> EXERCISE GOAL
Here the job is to print all of the entries below verbatim and leave out any picture.

> GIVEN RECORDS
---*---
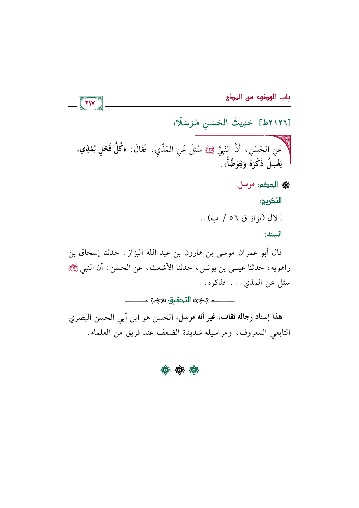 قال أبو عمران موسى بن هارون بن عبد الله البزاز: حدثنا إسحاق بن راهويه، حدثنا عيسى بن يونس، حدثنا الأشعث، عن الحسن: أن النبي صلى الله عليه وسلم سئل عن المذي ... فذكره.
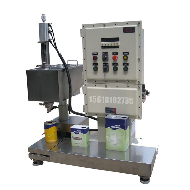 當儲槽里原料低于下限位時,供料裝置自動打開給儲槽供料,當儲槽液位達到上限位時,關閉供料裝置。人工將空桶放到秤臺上,人工對孔,然后點擊啟動按鈕,儀表首先判桶并扣除空桶皮重,灌裝頭打開進入快速落料,當達到慢進料設定重量時,自動轉為慢速落料。當重量達到目標值時停止落料,此時儀表回皮顯示總重,人工將成品桶推到成品暫存區,人工索蓋然后取下桶,整個動作流程結束。
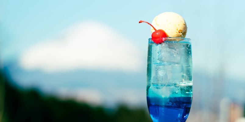 ドリンクは、青と赤どちらかを選べる「FUJIMIソーダ」の青をセレクト。富士山をイメージしたブルーがとても爽やかで、空に映えます。
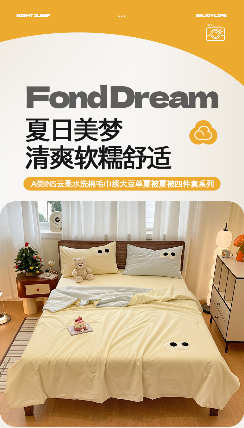 • 91家纺网 家纺一手货源 找家纺 桃心家居 2025新款云柔水洗棉毛巾绣大豆单夏被夏被四件套 水洗棉-大眼睛夏被奶黄小蓝格
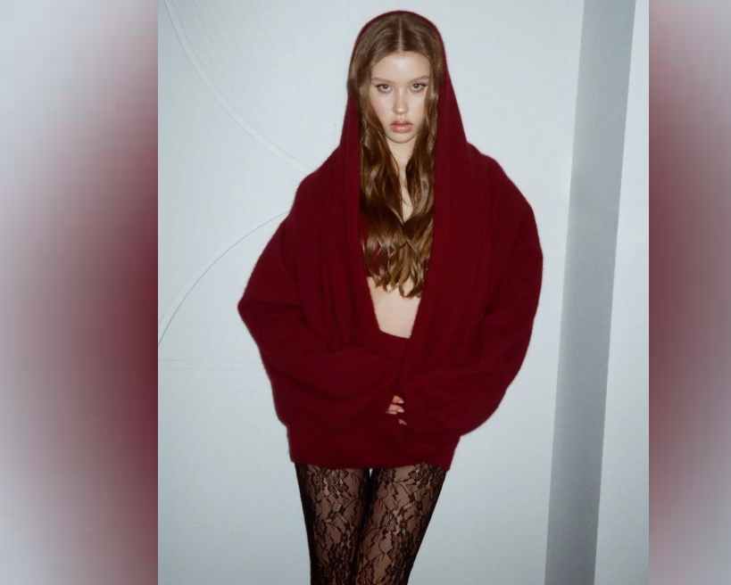 Звезда фильма «Алиса в Стране Чудес» примерила бордовый вязаный комплект, состоящий из мини-юбки, лифа и кардигана с капюшоном. Образ был дополнен черными кружевными колготками и высокими сапогами на каблуке. Для съемки актриса распустила волосы, слегка уложив их волнами, и сделала макияж с акцентом на глаза и губы.
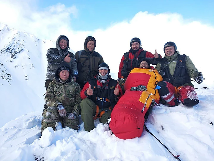 Đội cứu hộ đã tiếp cận và cứu được nạn nhân Novoseltsev (quấn túi ngủ màu đỏ). Ảnh: Siberian Times
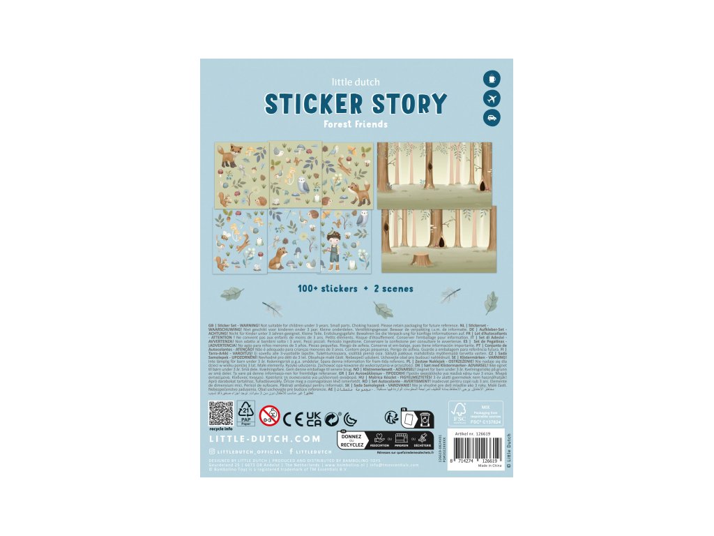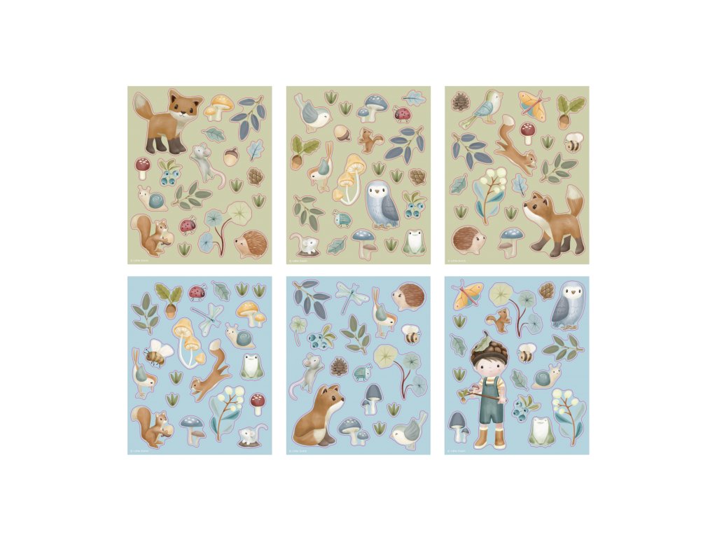 Sada šesti archů krásných samolepek z kolekce Little Dutch Forest Friends s krásnými motivy ze života v lese. Samolepky jsou vhodné pro lepení na papír.
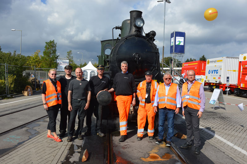 Unsere kleine Dampflok Emma soll wieder der heimliche Star der weltgrößten Messe für Eisenbahntechnik in Berlin werden. Diese Messe beginnt am 20.9. und endet am Sonntag darauf. Während dieser Zeit steht Emma für Führerstandsmitfahrten zur Verfügung. Da die kleine Lok nicht selbst den Weg nach Berlin auf eigener Achse zurücklegen kann, hat die Firma DB Schenker sie auf einen Schwertransporter verladen und zur Messe transportiert.
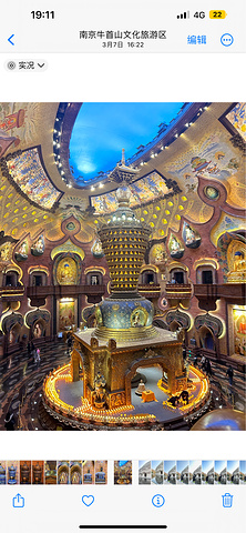 穿过层层叠叠的竹林,牛首山佛顶宫如琉璃宝盒嵌在山间。步入地宫,千佛殿的灯光璀璨庄严,释迦牟尼佛顶骨舍利供奉于莲花座上,周遭的梵音与檀香交织,让人不自觉放慢脚步,在这份静谧中感受心灵的震撼与安宁。
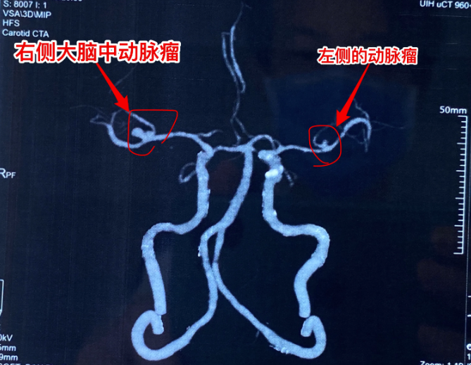 病人左右两侧的大脑中动脉上各有一个动脉瘤,其中右侧的动脉瘤破裂了。所以做手术就夹闭右侧的那个。
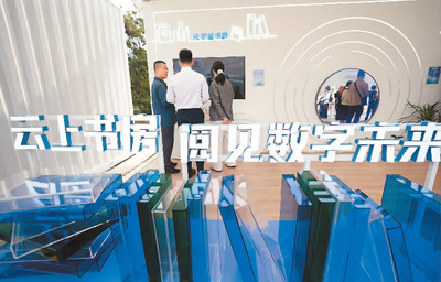 市民在第三屆全民閱讀大會“十里書香長廊·春城書市”上體驗數字閱讀。新華社記者 陳欣波攝
---*---
> EXERCISE OUTPUT
 قال أبو عمران موسى بن هارون بن عبد الله البزاز: حدثنا إسحاق بن راهويه، حدثنا عيسى بن يونس، حدثنا الأشعث، عن الحسن: أن النبي صلى الله عليه وسلم سئل عن المذي ... فذكره.
 當儲槽里原料低于下限位時,供料裝置自動打開給儲槽供料,當儲槽液位達到上限位時,關閉供料裝置。人工將空桶放到秤臺上,人工對孔,然后點擊啟動按鈕,儀表首先判桶并扣除空桶皮重,灌裝頭打開進入快速落料,當達到慢進料設定重量時,自動轉為慢速落料。當重量達到目標值時停止落料,此時儀表回皮顯示總重,人工將成品桶推到成品暫存區,人工索蓋然后取下桶,整個動作流程結束。
 ドリンクは、青と赤どちらかを選べる「FUJIMIソーダ」の青をセレクト。富士山をイメージしたブルーがとても爽やかで、空に映えます。
 • 91家纺网 家纺一手货源 找家纺 桃心家居 2025新款云柔水洗棉毛巾绣大豆单夏被夏被四件套 水洗棉-大眼睛夏被奶黄小蓝格
 Звезда фильма «Алиса в Стране Чудес» примерила бордовый вязаный комплект, состоящий из мини-юбки, лифа и кардигана с капюшоном. Образ был дополнен черными кружевными колготками и высокими сапогами на каблуке. Для съемки актриса распустила волосы, слегка уложив их волнами, и сделала макияж с акцентом на глаза и губы.
 Đội cứu hộ đã tiếp cận và cứu được nạn nhân Novoseltsev (quấn túi ngủ màu đỏ). Ảnh: Siberian Times
 Sada šesti archů krásných samolepek z kolekce Little Dutch Forest Friends s krásnými motivy ze života v lese. Samolepky jsou vhodné pro lepení na papír.
 Unsere kleine Dampflok Emma soll wieder der heimliche Star der weltgrößten Messe für Eisenbahntechnik in Berlin werden. Diese Messe beginnt am 20.9. und endet am Sonntag darauf. Während dieser Zeit steht Emma für Führerstandsmitfahrten zur Verfügung. Da die kleine Lok nicht selbst den Weg nach Berlin auf eigener Achse zurücklegen kann, hat die Firma DB Schenker sie auf einen Schwertransporter verladen und zur Messe transportiert.
 穿过层层叠叠的竹林,牛首山佛顶宫如琉璃宝盒嵌在山间。步入地宫,千佛殿的灯光璀璨庄严,释迦牟尼佛顶骨舍利供奉于莲花座上,周遭的梵音与檀香交织,让人不自觉放慢脚步,在这份静谧中感受心灵的震撼与安宁。
 病人左右两侧的大脑中动脉上各有一个动脉瘤,其中右侧的动脉瘤破裂了。所以做手术就夹闭右侧的那个。
 市民在第三屆全民閱讀大會“十里書香長廊·春城書市”上體驗數字閱讀。新華社記者 陳欣波攝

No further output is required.